In the listing below, locate the line that contains "Крепеж-клипса d20мм (уп.100шт)" and the line that contains "El Kit de supervivencia". Restate word for word those two lines and every line between them, and nothing else.
======== GIVEN DATA
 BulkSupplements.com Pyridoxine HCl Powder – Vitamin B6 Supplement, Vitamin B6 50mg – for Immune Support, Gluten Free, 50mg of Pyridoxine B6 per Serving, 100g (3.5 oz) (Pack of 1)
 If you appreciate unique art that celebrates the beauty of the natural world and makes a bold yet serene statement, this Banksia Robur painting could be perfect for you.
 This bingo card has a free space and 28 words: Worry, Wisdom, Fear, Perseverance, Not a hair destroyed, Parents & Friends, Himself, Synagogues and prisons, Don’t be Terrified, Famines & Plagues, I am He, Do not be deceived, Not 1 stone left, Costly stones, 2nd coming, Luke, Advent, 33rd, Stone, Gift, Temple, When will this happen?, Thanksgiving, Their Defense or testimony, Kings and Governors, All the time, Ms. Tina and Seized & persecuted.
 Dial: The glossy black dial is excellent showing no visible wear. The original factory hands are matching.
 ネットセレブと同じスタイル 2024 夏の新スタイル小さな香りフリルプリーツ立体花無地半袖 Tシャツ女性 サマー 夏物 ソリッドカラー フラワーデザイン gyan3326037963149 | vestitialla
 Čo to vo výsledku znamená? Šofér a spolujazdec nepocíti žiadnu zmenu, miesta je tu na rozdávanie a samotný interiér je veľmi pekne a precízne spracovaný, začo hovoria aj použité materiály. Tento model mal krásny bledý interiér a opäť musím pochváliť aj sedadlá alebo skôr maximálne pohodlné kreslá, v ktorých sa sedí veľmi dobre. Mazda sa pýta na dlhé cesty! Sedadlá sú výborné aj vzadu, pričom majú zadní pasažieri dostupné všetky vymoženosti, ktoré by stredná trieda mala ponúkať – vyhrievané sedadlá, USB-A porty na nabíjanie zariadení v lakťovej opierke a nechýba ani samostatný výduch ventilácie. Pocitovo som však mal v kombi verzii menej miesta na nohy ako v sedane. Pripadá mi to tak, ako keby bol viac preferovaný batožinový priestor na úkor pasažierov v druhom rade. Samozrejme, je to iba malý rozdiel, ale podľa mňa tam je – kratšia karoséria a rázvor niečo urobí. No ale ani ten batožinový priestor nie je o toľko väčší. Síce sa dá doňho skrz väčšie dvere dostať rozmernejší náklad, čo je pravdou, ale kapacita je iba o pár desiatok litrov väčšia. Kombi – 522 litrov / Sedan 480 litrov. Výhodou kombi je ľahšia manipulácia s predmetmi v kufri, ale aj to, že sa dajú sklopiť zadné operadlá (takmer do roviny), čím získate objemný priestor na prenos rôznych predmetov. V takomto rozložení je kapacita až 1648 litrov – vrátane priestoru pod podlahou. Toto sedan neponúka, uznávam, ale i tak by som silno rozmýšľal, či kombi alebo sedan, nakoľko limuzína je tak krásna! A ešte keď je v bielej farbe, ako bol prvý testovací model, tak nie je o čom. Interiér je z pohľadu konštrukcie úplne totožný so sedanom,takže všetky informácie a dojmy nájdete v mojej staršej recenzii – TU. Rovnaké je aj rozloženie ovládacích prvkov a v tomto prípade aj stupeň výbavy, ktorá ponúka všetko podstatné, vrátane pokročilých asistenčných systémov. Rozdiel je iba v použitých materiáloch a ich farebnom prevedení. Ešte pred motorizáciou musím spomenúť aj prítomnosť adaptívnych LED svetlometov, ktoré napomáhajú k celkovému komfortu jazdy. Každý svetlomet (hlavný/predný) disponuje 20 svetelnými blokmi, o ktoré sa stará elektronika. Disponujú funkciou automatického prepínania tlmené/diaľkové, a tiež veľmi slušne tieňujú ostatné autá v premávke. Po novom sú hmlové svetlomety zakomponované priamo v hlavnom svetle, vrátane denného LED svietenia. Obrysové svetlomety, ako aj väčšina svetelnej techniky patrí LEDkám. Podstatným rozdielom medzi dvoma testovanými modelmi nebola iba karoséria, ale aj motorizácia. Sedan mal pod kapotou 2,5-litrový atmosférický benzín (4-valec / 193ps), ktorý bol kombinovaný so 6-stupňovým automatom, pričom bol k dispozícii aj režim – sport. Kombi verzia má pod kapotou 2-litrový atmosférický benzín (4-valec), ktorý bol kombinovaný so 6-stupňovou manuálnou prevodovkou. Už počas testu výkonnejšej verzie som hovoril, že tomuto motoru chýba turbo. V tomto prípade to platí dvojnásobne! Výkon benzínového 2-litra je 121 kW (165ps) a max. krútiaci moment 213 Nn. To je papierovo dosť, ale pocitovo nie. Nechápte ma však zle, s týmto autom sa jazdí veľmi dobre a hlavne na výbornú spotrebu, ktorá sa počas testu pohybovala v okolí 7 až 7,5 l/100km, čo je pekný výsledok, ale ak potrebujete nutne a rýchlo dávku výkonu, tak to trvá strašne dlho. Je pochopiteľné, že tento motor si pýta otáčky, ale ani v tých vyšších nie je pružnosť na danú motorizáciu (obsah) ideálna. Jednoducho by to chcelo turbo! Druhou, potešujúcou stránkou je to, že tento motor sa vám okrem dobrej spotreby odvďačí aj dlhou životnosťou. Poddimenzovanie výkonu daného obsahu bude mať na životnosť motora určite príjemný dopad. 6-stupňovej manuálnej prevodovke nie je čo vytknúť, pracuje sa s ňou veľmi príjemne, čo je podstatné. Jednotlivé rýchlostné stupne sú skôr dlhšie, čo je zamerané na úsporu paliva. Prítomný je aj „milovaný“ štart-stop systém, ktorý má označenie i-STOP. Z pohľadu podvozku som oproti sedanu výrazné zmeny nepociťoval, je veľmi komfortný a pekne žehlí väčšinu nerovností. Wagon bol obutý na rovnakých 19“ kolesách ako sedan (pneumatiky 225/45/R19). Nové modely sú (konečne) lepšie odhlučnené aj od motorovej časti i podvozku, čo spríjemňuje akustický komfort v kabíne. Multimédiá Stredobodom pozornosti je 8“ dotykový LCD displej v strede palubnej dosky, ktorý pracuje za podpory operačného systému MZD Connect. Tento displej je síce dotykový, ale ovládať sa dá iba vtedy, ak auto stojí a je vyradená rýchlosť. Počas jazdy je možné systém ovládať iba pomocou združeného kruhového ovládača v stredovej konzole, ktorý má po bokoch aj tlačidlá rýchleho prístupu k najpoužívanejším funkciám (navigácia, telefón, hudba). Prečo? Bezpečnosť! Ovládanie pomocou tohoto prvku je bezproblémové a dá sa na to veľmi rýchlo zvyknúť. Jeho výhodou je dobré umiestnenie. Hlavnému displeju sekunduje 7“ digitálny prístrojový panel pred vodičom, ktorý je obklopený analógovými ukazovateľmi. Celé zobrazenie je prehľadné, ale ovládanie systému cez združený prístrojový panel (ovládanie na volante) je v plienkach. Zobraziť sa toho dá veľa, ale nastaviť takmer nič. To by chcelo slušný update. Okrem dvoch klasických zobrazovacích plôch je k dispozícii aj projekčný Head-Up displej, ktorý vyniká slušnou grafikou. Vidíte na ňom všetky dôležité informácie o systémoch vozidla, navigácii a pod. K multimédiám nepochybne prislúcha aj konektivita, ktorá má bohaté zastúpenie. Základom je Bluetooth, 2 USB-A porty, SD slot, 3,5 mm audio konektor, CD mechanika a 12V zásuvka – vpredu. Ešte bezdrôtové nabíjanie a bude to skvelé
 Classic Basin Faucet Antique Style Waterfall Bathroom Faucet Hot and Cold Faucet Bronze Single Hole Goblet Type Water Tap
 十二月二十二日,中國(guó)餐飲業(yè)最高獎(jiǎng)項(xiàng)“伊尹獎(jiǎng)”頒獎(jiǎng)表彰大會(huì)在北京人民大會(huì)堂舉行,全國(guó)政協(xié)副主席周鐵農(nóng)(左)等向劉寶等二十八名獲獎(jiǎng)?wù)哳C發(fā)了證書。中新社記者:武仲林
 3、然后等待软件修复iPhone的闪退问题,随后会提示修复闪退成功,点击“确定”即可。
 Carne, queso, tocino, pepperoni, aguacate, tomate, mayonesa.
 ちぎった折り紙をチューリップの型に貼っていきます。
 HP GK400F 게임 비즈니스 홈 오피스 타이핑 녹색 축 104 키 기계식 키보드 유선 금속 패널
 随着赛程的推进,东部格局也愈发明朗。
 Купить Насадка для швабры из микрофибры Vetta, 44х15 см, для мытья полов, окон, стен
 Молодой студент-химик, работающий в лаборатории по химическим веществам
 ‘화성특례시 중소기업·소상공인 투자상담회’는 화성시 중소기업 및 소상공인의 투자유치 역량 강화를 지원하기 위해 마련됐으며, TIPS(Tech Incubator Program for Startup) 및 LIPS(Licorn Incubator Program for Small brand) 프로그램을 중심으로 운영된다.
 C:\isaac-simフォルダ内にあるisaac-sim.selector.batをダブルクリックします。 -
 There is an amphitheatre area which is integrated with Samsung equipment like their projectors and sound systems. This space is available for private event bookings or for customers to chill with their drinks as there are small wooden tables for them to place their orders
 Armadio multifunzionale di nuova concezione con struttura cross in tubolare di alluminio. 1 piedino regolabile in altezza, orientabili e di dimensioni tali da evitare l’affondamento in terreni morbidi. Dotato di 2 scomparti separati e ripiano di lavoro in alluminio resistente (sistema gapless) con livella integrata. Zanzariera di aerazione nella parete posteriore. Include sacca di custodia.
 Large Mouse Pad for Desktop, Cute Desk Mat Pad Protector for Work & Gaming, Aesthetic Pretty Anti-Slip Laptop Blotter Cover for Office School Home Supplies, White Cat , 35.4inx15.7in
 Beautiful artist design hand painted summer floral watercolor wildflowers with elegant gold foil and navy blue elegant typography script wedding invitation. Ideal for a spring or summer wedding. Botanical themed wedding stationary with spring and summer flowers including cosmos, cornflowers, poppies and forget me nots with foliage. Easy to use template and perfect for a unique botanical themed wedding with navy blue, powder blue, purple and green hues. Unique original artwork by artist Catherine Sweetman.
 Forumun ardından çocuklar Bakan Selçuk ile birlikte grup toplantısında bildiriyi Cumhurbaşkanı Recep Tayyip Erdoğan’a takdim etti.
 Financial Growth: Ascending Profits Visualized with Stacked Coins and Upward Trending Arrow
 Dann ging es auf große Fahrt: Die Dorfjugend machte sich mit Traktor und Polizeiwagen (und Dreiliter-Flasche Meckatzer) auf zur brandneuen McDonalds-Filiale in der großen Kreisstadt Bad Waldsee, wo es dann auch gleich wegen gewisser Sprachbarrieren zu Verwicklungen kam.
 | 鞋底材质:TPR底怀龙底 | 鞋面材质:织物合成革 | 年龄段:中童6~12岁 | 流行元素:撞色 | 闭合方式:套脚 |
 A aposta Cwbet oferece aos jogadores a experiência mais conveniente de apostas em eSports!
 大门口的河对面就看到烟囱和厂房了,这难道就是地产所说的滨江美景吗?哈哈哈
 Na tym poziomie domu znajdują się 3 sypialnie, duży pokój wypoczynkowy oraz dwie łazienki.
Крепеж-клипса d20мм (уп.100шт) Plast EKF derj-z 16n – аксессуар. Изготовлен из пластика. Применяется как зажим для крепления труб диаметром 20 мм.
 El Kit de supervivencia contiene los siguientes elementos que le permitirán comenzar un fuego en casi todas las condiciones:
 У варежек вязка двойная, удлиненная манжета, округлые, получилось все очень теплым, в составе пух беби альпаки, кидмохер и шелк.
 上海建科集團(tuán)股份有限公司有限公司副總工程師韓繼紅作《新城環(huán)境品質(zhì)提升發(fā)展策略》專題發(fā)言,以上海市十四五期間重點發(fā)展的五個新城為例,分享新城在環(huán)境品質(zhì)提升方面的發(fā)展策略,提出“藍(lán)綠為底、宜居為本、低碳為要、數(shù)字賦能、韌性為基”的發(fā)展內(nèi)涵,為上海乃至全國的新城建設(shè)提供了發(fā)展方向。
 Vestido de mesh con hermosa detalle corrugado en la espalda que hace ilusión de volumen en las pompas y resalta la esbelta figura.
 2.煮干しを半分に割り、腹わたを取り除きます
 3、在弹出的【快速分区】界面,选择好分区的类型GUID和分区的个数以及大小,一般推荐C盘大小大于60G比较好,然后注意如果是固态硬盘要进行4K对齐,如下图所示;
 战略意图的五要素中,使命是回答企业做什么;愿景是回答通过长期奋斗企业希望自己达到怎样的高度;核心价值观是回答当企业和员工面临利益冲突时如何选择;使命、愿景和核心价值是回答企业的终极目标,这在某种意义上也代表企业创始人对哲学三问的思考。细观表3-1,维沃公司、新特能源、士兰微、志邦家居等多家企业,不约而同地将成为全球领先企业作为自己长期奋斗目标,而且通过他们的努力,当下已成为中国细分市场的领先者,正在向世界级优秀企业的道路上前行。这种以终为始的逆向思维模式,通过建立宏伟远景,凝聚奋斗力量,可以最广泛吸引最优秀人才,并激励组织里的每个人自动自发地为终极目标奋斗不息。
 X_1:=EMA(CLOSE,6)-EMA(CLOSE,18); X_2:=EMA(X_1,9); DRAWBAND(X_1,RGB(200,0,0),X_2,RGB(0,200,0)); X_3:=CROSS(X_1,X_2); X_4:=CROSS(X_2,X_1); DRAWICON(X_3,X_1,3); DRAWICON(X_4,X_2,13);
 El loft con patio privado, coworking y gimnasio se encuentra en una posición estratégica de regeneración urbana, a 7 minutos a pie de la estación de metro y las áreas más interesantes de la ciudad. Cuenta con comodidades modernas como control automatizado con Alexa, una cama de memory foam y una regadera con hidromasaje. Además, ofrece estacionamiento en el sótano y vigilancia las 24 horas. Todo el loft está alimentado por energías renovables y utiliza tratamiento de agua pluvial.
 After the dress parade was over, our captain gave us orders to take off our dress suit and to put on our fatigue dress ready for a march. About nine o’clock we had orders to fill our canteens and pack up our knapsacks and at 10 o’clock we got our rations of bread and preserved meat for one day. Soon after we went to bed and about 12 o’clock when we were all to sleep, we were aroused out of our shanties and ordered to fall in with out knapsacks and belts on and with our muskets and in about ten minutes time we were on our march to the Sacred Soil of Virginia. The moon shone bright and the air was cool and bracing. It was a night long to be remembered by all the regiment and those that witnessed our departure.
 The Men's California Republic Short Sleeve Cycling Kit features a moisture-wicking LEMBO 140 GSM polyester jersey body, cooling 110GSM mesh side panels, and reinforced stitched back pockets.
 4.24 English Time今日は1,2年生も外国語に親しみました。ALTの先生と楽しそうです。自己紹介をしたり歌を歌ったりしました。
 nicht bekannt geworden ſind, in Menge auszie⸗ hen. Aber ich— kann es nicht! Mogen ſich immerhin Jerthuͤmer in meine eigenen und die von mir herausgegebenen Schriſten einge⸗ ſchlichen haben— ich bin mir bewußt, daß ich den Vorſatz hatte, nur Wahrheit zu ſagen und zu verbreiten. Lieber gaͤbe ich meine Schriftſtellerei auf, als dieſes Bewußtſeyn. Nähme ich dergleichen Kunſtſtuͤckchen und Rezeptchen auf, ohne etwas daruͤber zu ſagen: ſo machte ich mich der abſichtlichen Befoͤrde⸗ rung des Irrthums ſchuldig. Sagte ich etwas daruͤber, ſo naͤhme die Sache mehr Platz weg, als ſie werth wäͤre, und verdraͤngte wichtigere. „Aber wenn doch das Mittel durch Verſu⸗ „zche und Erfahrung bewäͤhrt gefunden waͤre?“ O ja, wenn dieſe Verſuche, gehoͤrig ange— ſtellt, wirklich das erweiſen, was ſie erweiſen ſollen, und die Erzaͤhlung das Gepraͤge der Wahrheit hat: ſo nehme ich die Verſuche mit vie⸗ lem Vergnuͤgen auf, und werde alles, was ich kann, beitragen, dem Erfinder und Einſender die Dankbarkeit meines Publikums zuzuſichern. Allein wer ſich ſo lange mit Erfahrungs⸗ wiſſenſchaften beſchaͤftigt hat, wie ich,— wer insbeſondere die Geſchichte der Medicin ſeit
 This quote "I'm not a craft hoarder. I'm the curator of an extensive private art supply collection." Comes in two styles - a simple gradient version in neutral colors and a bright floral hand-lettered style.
================
ANSWER TO THE EXERCISE.
Крепеж-клипса d20мм (уп.100шт) Plast EKF derj-z 16n – аксессуар. Изготовлен из пластика. Применяется как зажим для крепления труб диаметром 20 мм.
 El Kit de supervivencia contiene los siguientes elementos que le permitirán comenzar un fuego en casi todas las condiciones:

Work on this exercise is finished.